In less than twenty-four hours, Eric and I will be celebrating fourteen years of wedded bliss… well, fourteen years of wedded something. ~smile~ Typically, when someone who has been married more than two months says their marriage is blissful, I don’t believe them. However, when I meet a couple who has been married for forty years and they say their marriage is blissful, I do tend to believe them. Time told the tale! Hopefully that will be Eric and me one day – forty years of marriage and many smiles to share about the journey. ~smile~
Commemorating another trip around the sun together puts me in mind of the many celebration opportunities we have – not only in marriage, but in life. We gather around brightly decorated trees on Christmas and exchange gifts. We overeat, nap, and overeat again on Thanksgiving. On the Fourth of July, we watch with the wonder of a seven-year-old as fireworks burst into the sky. And, no matter how old we get, we still make wishes before we blow out our birthday candles.

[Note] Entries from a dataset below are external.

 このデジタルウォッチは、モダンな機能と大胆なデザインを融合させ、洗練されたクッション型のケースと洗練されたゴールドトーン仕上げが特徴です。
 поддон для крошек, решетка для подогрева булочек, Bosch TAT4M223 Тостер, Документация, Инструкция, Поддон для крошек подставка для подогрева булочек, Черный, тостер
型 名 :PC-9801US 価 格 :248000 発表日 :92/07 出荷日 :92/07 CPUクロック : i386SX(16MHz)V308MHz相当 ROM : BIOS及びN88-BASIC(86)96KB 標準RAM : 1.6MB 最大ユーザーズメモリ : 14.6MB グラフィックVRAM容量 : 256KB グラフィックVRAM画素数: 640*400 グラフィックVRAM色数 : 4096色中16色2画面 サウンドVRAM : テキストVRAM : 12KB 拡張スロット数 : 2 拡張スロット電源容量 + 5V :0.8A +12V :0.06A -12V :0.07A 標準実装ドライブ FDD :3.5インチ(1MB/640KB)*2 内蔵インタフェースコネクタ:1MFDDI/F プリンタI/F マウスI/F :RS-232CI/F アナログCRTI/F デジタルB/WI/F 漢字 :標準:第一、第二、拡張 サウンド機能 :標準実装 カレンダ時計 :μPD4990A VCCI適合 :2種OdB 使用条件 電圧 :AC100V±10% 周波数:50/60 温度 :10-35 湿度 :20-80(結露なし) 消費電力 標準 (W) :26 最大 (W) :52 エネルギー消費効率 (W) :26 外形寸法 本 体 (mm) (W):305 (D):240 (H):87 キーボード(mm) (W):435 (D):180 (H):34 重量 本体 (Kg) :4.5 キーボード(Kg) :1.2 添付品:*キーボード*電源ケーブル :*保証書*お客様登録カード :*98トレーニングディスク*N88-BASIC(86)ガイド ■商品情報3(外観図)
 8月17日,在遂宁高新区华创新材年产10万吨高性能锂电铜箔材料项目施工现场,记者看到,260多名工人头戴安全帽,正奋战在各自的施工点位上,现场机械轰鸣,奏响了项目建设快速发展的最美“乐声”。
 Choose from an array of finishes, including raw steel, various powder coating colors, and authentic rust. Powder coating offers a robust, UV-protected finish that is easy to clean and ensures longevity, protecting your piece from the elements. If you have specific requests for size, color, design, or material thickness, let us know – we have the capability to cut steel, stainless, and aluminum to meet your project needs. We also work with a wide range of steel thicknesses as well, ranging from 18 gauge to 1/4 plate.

Celebrations can be a joyous bonding experience in marriage, or they can cause tension. It depends on what each person believes about them and how they are handled:
- I am thirty-two-years-old! Why did you throw me a surprise birthday party?!
- But, it’s Christmas! I cannot believe you agreed to work all day on Christmas Eve. Now there is no way we can visit my parents on Christmas Day.

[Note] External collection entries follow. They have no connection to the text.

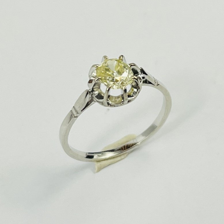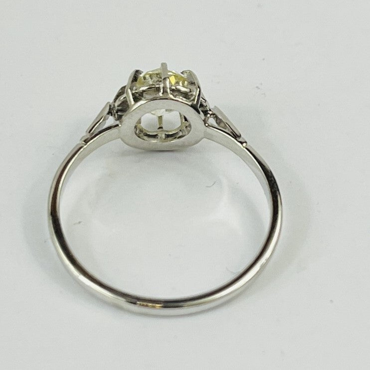 Belle bague ancienne en or blanc 750/1000 avec diamant solitaire env 0.70ct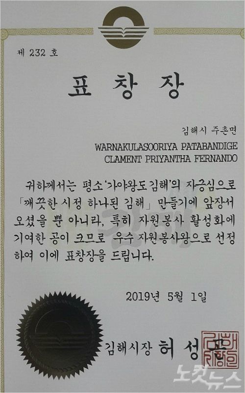 ◇김효영> 경남 김해시가 선정하는 자원봉사왕에 스리랑카에서 온 이주노동자가 선정됐다고 합니다. 이주노동자가 이 상을 받은건 아주 특별한 케이스인데요.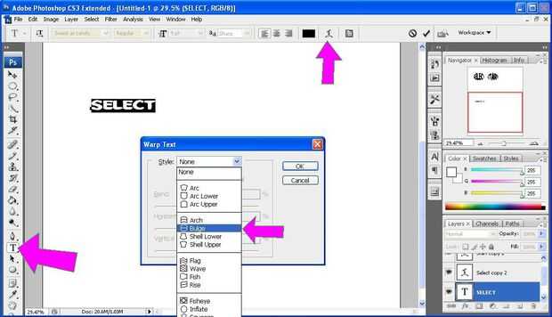 3. Resalte el texto y utilizar la herramienta "Deformar texto", estilo "Abultamiento" y ajustar los controles deslizantes hasta que gusta lo que ves.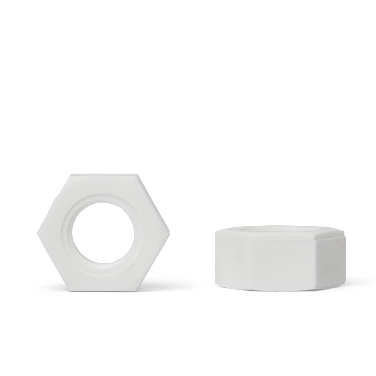 Sexkantsmuttrar i polypropylen (PP) är en utmärkt polymermutter för allmänt bruk och används ofta i en mängd olika applikationer. PP är ett av de lättaste materialen vi tillhandahåller med en specifik vikt på 0,9. Detta i kombination med utmärkt kemikalie- och hydrolysresistens samt elektrisk isolering gör PP till ett utmärkt fästelement för allmänna tillämpningar.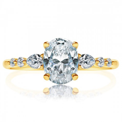 This engagement ring features an oval diamond center. Pear shaped diamonds rest on either side of the center, followed by two round diamonds. Image features a 1.25ct center stone.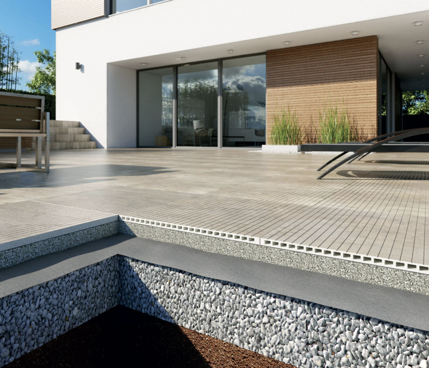 Witterungsbeständige Fliesenverlegung im Außenbereich, inklusive Abdichtung und Entwässerung.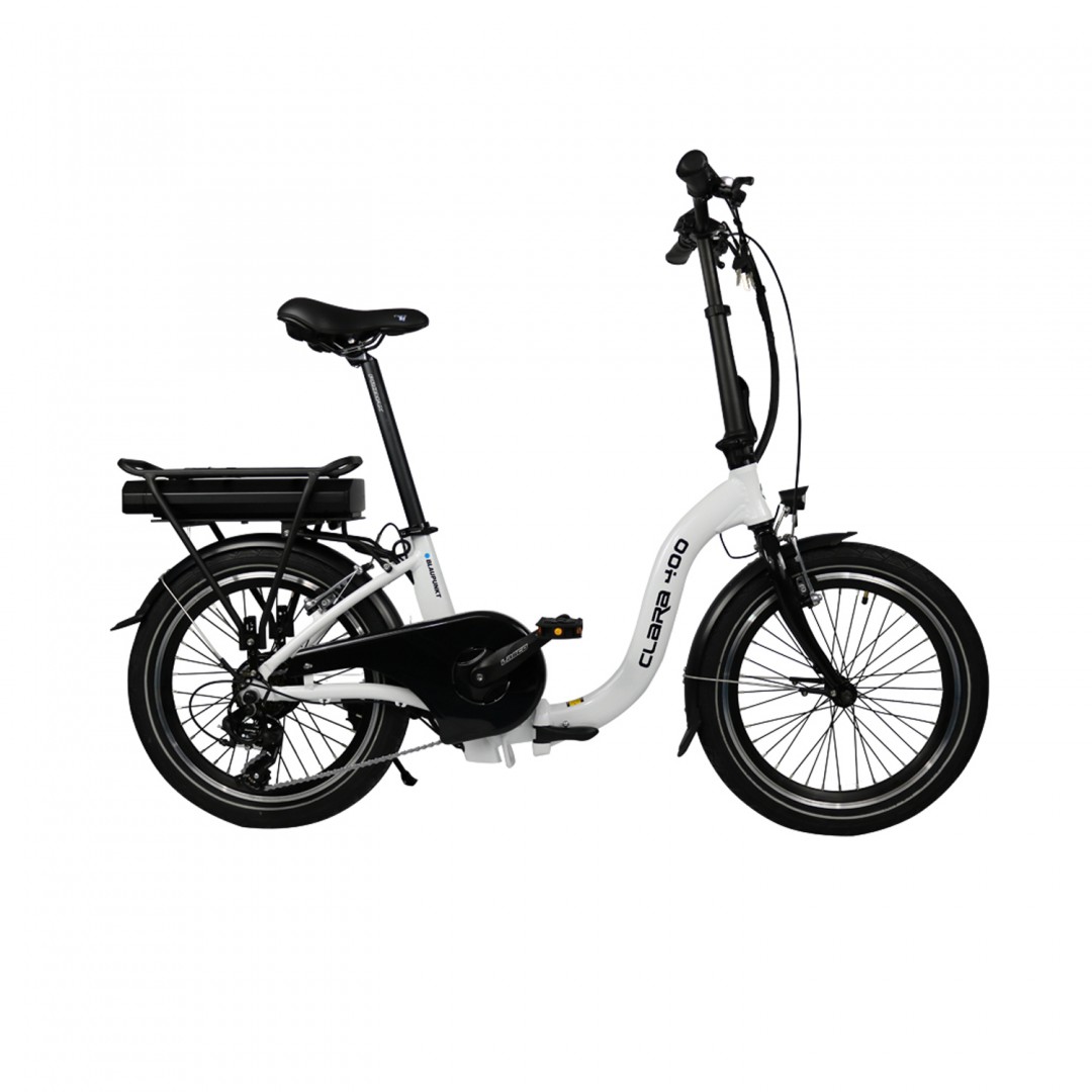 Πτυσσόμενο eBike Clara 400 από τη Blaupunkt, εξοπλισμένο με αφαιρούμενη μπαταρία και πρακτικό ράφι αποσκευών. Έχει βάρος περίπου 17,5 kg (συμπεριλαμβανομένης της μπαταρίας) και ταχύτητα έως και 60 χλμ/ω.

- You want me to spend $70 on fireworks? Are you kidding?!?
Celebrations, though lighthearted in nature, can lead to arguments and hurt feelings when couples do not agree.
Are you feeling a “You and your significant other need to talk about celebrations” coming on in this post? You would be completely right! Even the happy topics deserve their time to shine. Christmas, for example, can be a time of laughter, nostalgic foods, giddiness, and relaxation or it can be a time of resentment, aching hearts, and dashed hopes. When two people set out in marriage expecting their mutually exclusive traditions to remain intact, at least one of them will be disappointed. That is, unless they have already discussed it and worked out a plan.
- How do you feel about birthdays?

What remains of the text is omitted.